*** Opening Given material ***

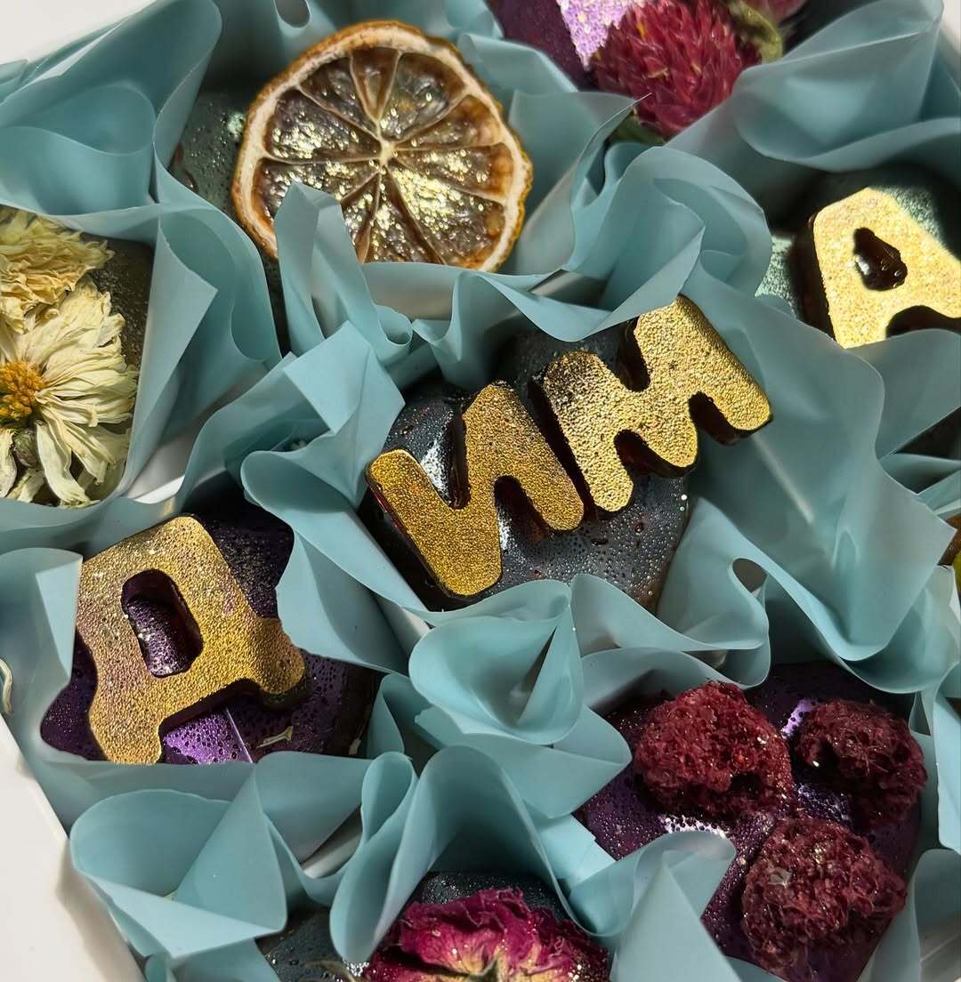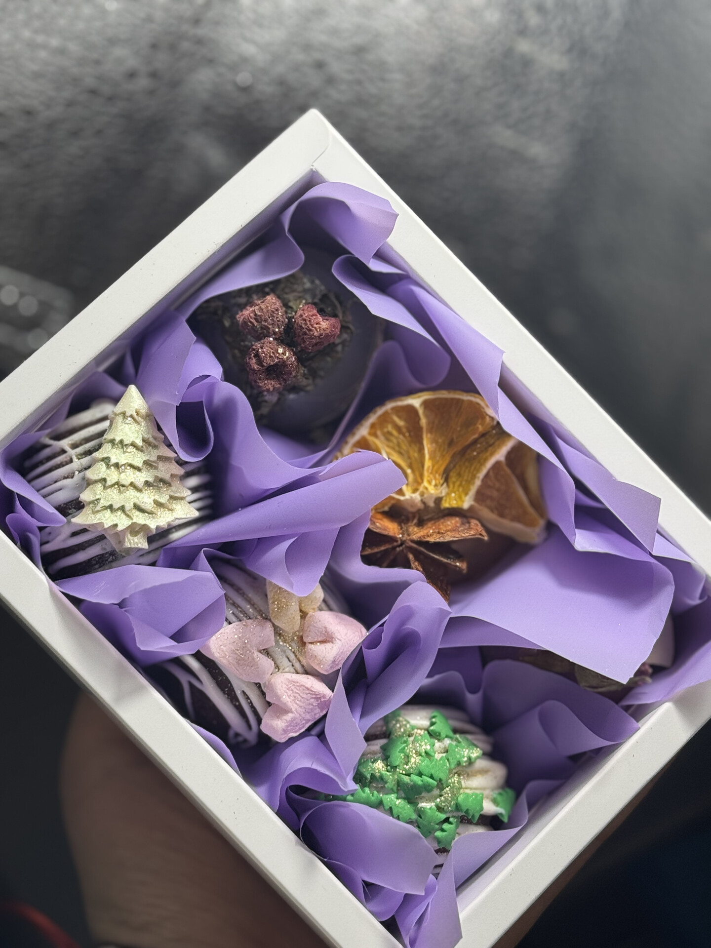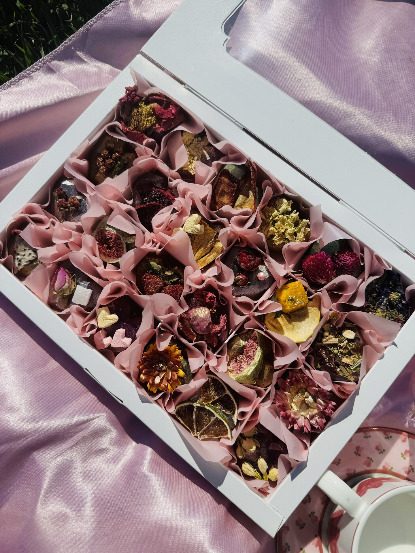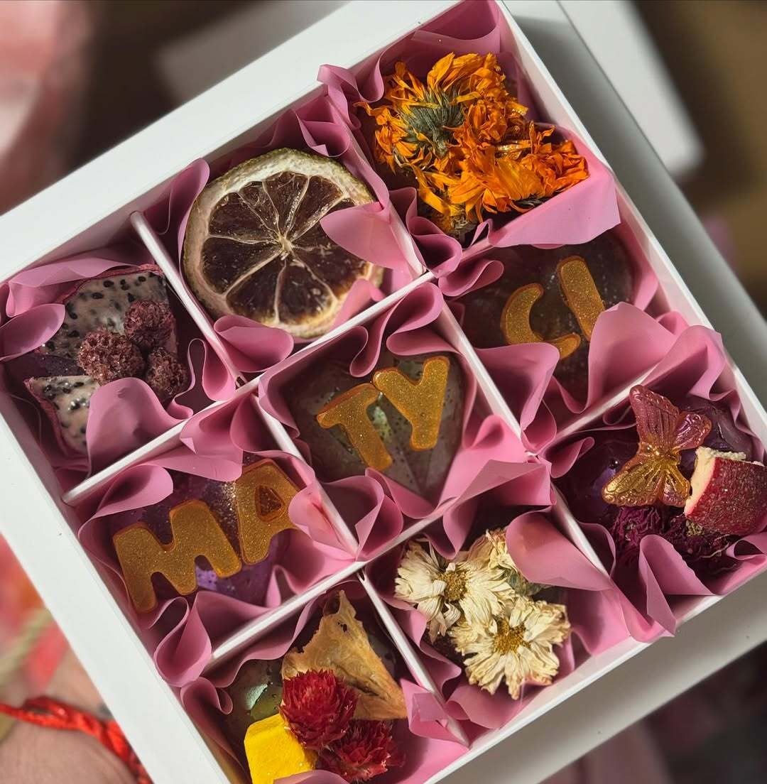 Чайно-шоколадний набір на 6 шт. В ньому знаходиться смачний шоколад всередині якого знаходиться какао та маршмелоу і смачний чайок, всередині карамельно-медової оболонки, фрукти та чайні квіти.
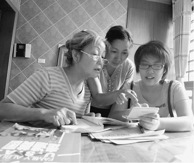 李建珍和婆婆一起向读大学的女儿学英语。
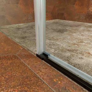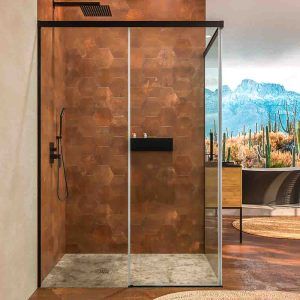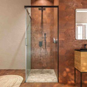 • Mampara de ducha rectangular 1 fijo- 1puerta corredera+ 1 fijo  sin perfil inferior, perfil negro mate, cristal templado 6 mm de seguridad, altura 195 cm.
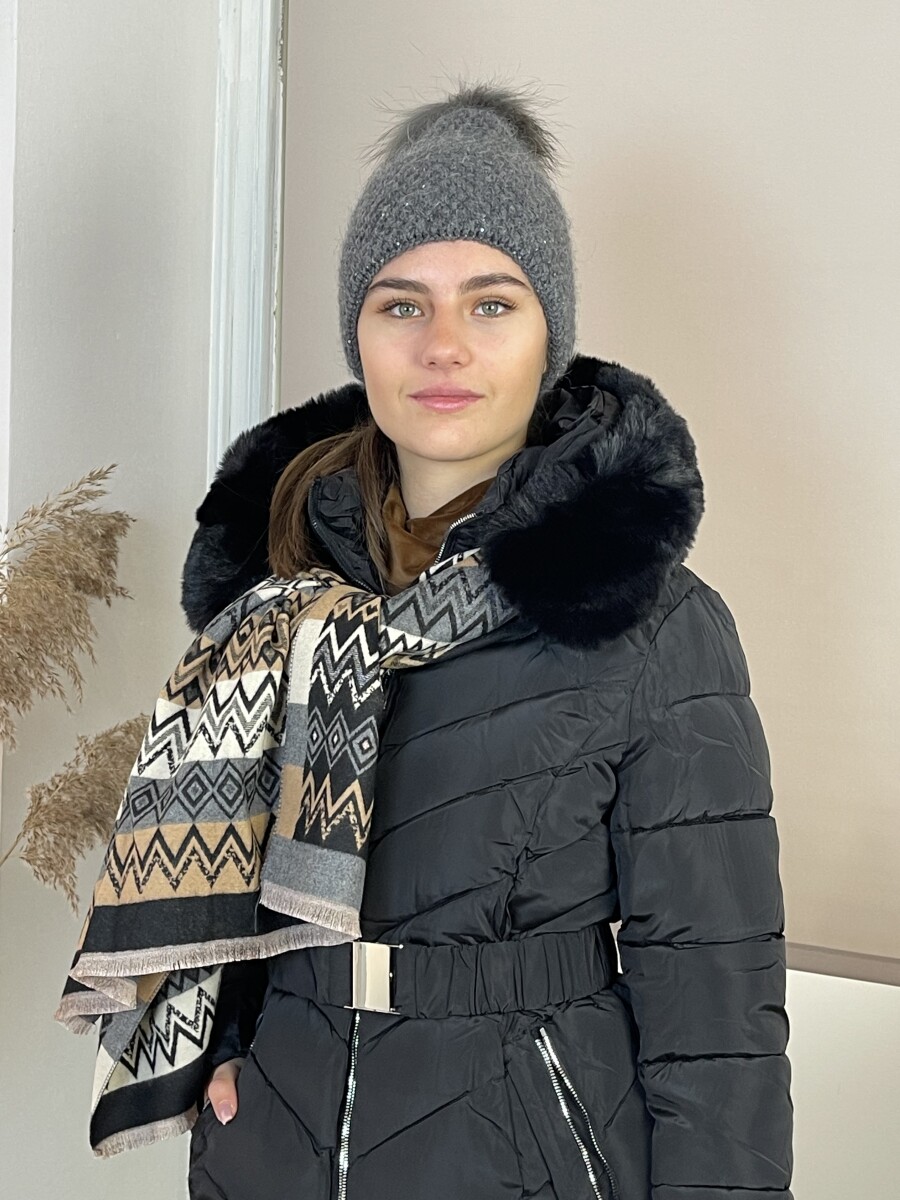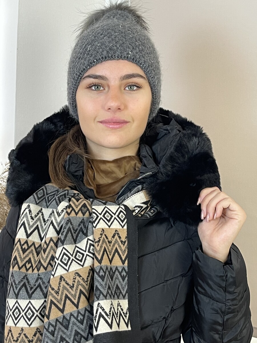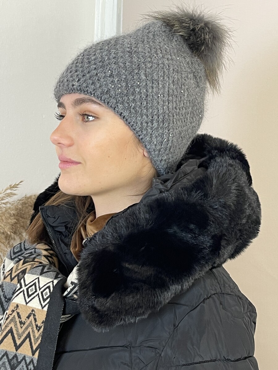 Apró mintás kötésű, kötött béléses vastag téli bojtos sapka szolid apró flitterekkel , a bojt lekapcsolható .

*** Closing Given material ***

Work to complete: Please give again, exactly and only, the lines from the top of the listing above through the line that has "李建珍和婆婆一起向读大学的女儿学英语。", with pictures left out.

Written solution:
 Чайно-шоколадний набір на 6 шт. В ньому знаходиться смачний шоколад всередині якого знаходиться какао та маршмелоу і смачний чайок, всередині карамельно-медової оболонки, фрукти та чайні квіти.
 李建珍和婆婆一起向读大学的女儿学英语。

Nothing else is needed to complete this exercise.